## Exercise requirements
Copy out the listing in full, exactly as written, but not its pictures.

## Dataset section
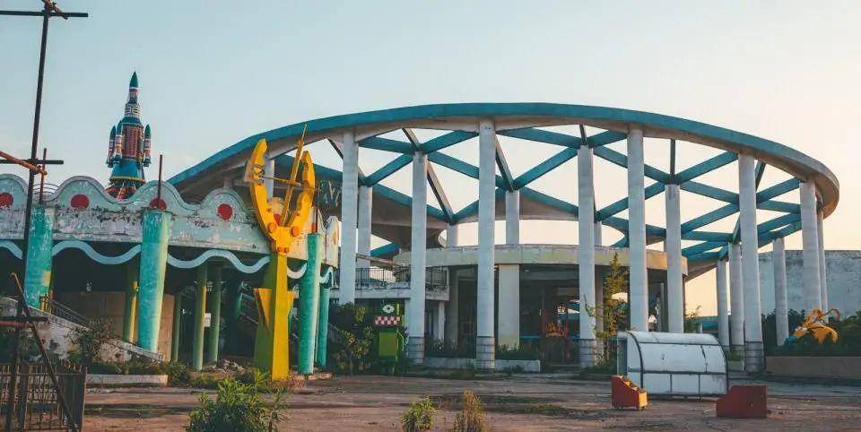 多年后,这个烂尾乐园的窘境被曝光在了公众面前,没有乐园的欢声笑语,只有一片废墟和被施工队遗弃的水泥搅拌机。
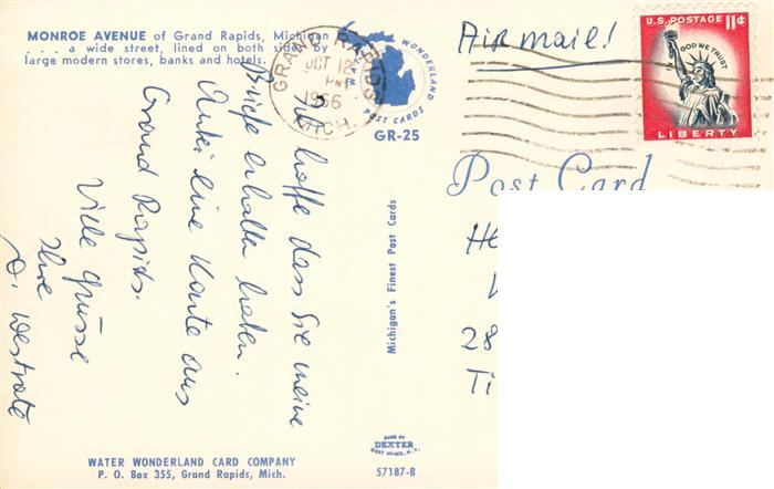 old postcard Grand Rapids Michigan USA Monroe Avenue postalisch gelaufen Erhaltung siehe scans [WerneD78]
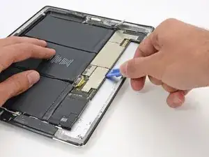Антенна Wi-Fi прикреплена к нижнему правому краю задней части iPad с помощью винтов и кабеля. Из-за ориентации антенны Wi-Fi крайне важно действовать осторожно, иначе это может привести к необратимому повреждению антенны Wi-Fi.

## Exercise output
 多年后,这个烂尾乐园的窘境被曝光在了公众面前,没有乐园的欢声笑语,只有一片废墟和被施工队遗弃的水泥搅拌机。
 old postcard Grand Rapids Michigan USA Monroe Avenue postalisch gelaufen Erhaltung siehe scans [WerneD78]
Антенна Wi-Fi прикреплена к нижнему правому краю задней части iPad с помощью винтов и кабеля. Из-за ориентации антенны Wi-Fi крайне важно действовать осторожно, иначе это может привести к необратимому повреждению антенны Wi-Fi.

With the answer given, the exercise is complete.